Source: The New York Times (posted by CEPR, Center for Economic Policy and Research)
Julie Turkewitz, Tibisay Romero, Sheyla Urdaneta and Isayen Herrera. New York Times. November 8, 2025
They said they were punished in a dark room called the island, where they were trampled, kicked and forced to kneel for hours.
One man said officers thrust his head into a tank of water to simulate drowning.
Another said he was forced to perform oral sex on guards wearing hoods.
They said they were told by officials that they would die in the Salvadoran prison, that the world had forgotten them.
When they could no longer take it, they said, they cut themselves, writing protest messages on sheets in blood.
“‘You are all terrorists,’” Edwin Meléndez, 30, recalled being told by officers who added: “‘Terrorists must be treated like this.’”

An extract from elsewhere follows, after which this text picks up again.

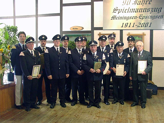 Eine ehrenwerte Gesellschaft: Ehrungen vom Volksmusikerbund NRW zum 90jährigen Bestehen des Spielmannszuges: Markus Brasse (VMB), Ernst Camen, Wilhelm Frieling, Kristian Frieling, Karl-Heinz Frieling, Dietmar Dahnke, Jürgen Kossel, Erwin Kossel, Heinz-Dieter Camen, Reinhard Teuber, Walter Radon, Detlef Grieger und Wilhelm Junker.

From the moment he took office, President Trump has seized on what he calls the threat posed by Venezuela and its autocratic president, Nicolás Maduro, accusing the government and Venezuelan gangs of orchestrating an “invasion” of the United States.
In March and April, the Trump administration made the extraordinary decision to send 252 Venezuelan men to a notorious prison in El Salvador known as the Terrorism Confinement Center, saying they had infiltrated the United States in a form of “irregular warfare.”
Mr. Trump accused the men of being members of a dangerous gang, Tren de Aragua, working in lock step with the Venezuelan government. It was an early salvo in the administration’s standoff with Mr. Maduro, which has only intensified since then, with U.S. warships blowing up Venezuelan boats and Mr. Trump warning of potential military strikes on Venezuelan soil.
But the men received little to no due process before being expelled to the terrorism prison in El Salvador, and they were abruptly released in July, part of a larger diplomatic deal that included the release of 10 Americans and U.S. residents held in Venezuela.
Mr. Trump, speaking at the United Nations General Assembly in September, praised Salvadoran officials for “the successful and professional job they’ve done in receiving and jailing so many criminals that entered our country.”
In interviews, however, the men sent to the prison described frequent, intense physical and psychological abuse. Beyond the beatings, tear gas and trips to the isolation room, the men said they were mocked or ignored by medical personnel, forced to spend 24 hours a day under harsh lights and made to drink from wells of fetid water.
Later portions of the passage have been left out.